Wisdomly

Humanimal

Adam Rutherford · 2018 · 9 ideas · 9 min

Humans share nearly every trait we consider uniquely ours, tool use, sex for pleasure, even culture, with other animals; what actually distinguishes us is our unmatched ability to teach, not just learn.

Why this book

Rutherford surveys tool use, sexual behavior, language, and culture across the animal kingdom to argue that almost none of the traits humans traditionally claim as exclusively theirs are, in fact, unique; dolphins use tools, giraffes and bonobos have sex unrelated to reproduction, and several species pass learned behaviors between generations. Rather than a single dramatic difference separating humans from animals, he finds a continuum, where humans sit at an extreme end of capacities that other species possess in smaller, simpler forms.

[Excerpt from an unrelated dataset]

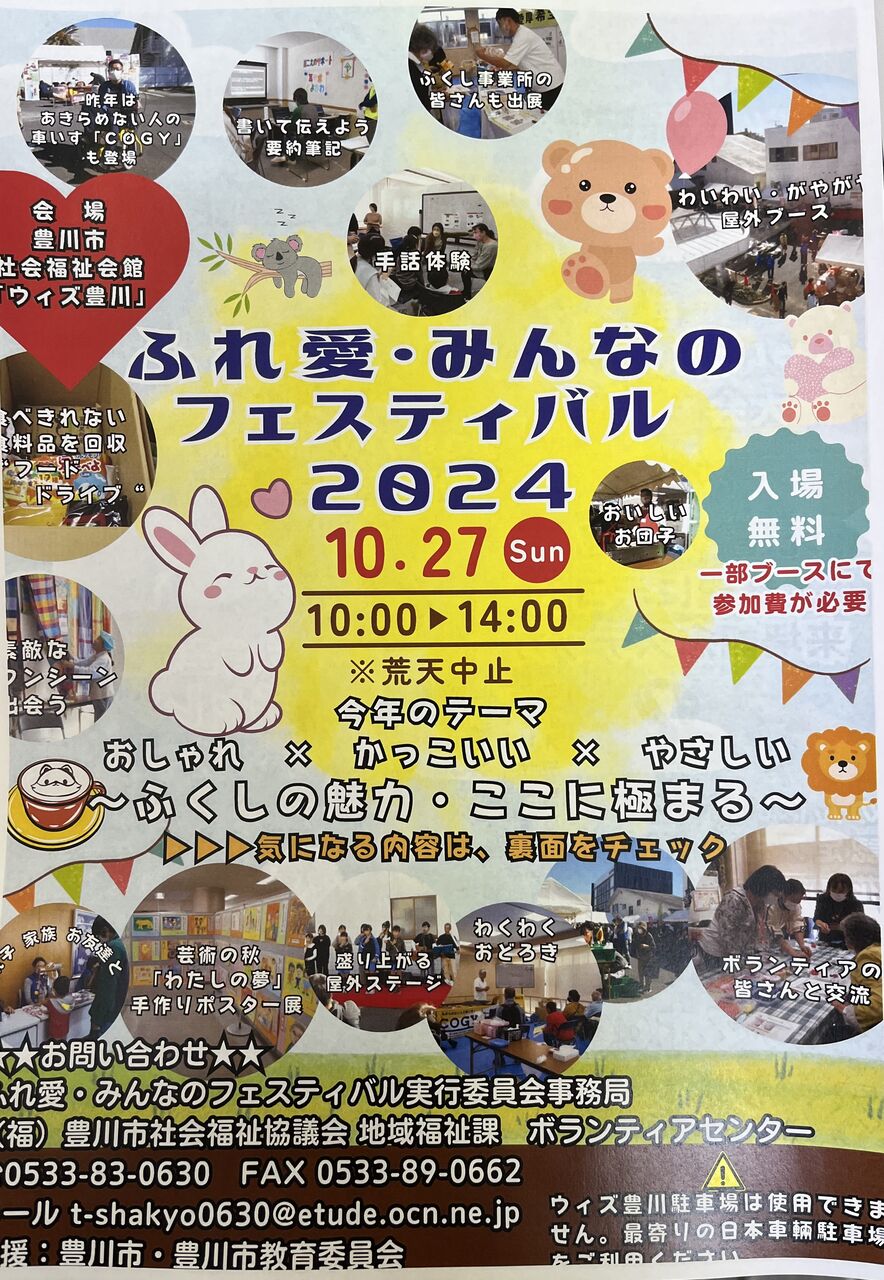 今年も豊川市社会福祉協議会主催『ふれ愛・みんなのフェスティバル2024』が開催されます

The one meaningful exception he identifies is cumulative culture through active teaching: many animals learn by observation or trial and error, but almost none deliberately instruct their young the way humans do, generation after generation, compounding knowledge rather than merely repeating it. This matters because it locates human distinctiveness not in some special spark or soul but in an accumulative process, arguing that our extraordinary capabilities are the byproduct of teaching sustained over tens of thousands of years, not a single innate biological superiority.

Who should read it

Curious general readers who enjoy myth-busting science writing, and anyone who wants sharp, surprising animal facts wrapped around a genuine argument, will enjoy this. It suits readers who like their trivia to add up to something rather than remaining disconnected curiosities.

About the author

Adam Rutherford is a British geneticist, science writer, and broadcaster who has written several popular science books on evolution and genetics and formerly worked as an editor at the journal Nature.